What you need to do. Skip the pictures, please, and write out exactly every line from the one containing "ESCENARIO.— Según el" through the end of the listing below.

Data for this task.
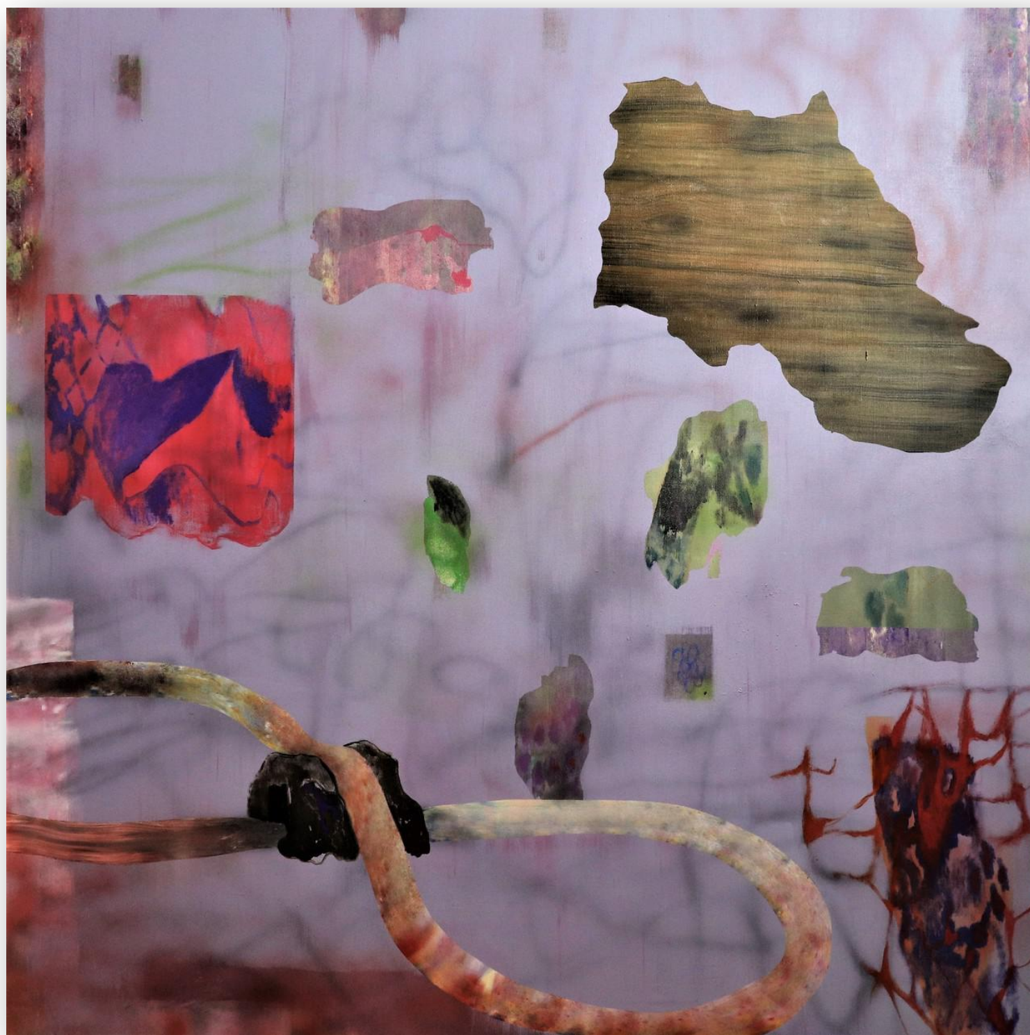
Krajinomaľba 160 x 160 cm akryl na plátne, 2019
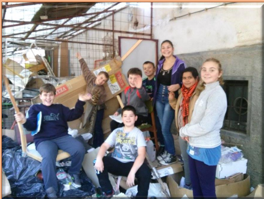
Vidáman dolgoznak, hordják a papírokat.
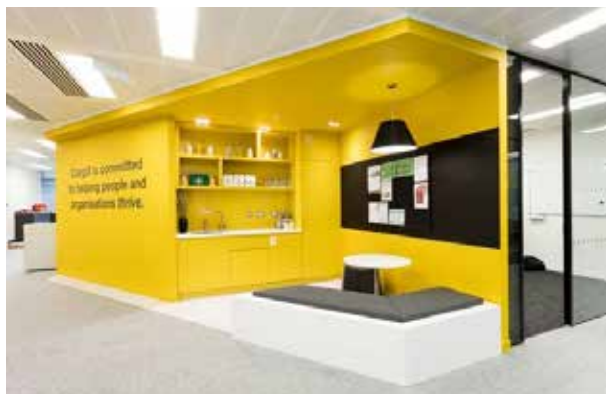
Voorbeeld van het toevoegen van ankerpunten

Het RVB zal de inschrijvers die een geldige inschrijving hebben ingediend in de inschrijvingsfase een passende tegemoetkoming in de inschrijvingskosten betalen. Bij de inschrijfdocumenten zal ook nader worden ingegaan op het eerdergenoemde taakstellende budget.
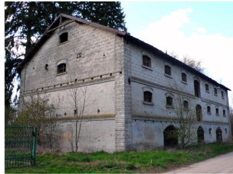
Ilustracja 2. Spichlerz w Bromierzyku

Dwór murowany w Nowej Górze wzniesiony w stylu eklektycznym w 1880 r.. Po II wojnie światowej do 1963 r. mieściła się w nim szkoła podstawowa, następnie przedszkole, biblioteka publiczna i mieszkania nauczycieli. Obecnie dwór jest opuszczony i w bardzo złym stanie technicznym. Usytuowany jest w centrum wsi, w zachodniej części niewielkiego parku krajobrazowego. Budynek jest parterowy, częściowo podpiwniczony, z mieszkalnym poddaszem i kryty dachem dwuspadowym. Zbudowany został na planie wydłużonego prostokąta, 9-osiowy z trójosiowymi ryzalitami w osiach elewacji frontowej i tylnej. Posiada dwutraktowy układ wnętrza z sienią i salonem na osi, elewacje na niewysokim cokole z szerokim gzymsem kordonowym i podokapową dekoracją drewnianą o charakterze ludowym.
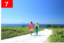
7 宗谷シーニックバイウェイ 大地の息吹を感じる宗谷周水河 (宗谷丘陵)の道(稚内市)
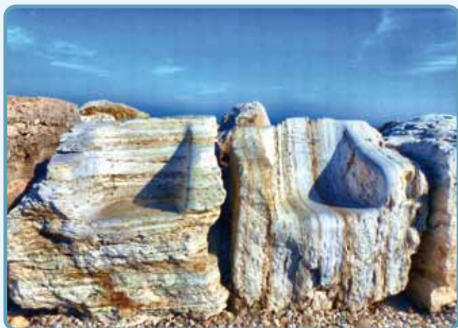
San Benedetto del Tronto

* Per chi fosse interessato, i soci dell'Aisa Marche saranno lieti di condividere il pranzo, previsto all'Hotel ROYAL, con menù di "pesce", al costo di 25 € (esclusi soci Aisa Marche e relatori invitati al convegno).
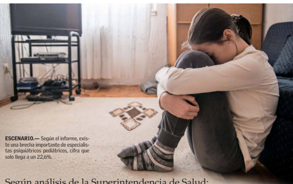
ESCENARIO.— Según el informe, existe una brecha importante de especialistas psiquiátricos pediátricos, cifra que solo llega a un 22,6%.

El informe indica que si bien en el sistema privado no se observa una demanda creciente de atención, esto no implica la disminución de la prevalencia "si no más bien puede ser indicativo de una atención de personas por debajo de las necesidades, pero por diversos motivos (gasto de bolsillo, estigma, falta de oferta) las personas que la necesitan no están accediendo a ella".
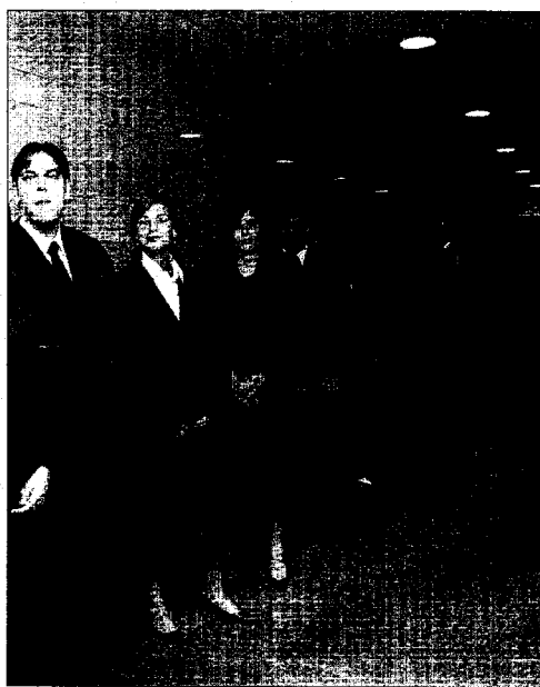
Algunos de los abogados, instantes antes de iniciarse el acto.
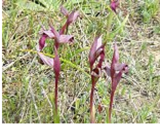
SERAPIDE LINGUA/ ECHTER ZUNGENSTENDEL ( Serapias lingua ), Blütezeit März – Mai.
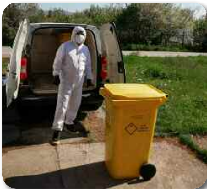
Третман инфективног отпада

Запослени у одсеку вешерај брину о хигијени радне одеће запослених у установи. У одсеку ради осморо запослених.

Your response.
ESCENARIO.— Según el informe, existe una brecha importante de especialistas psiquiátricos pediátricos, cifra que solo llega a un 22,6%.

El informe indica que si bien en el sistema privado no se observa una demanda creciente de atención, esto no implica la disminución de la prevalencia "si no más bien puede ser indicativo de una atención de personas por debajo de las necesidades, pero por diversos motivos (gasto de bolsillo, estigma, falta de oferta) las personas que la necesitan no están accediendo a ella".
Algunos de los abogados, instantes antes de iniciarse el acto.
SERAPIDE LINGUA/ ECHTER ZUNGENSTENDEL ( Serapias lingua ), Blütezeit März – Mai.
Третман инфективног отпада

Запослени у одсеку вешерај брину о хигијени радне одеће запослених у установи. У одсеку ради осморо запослених.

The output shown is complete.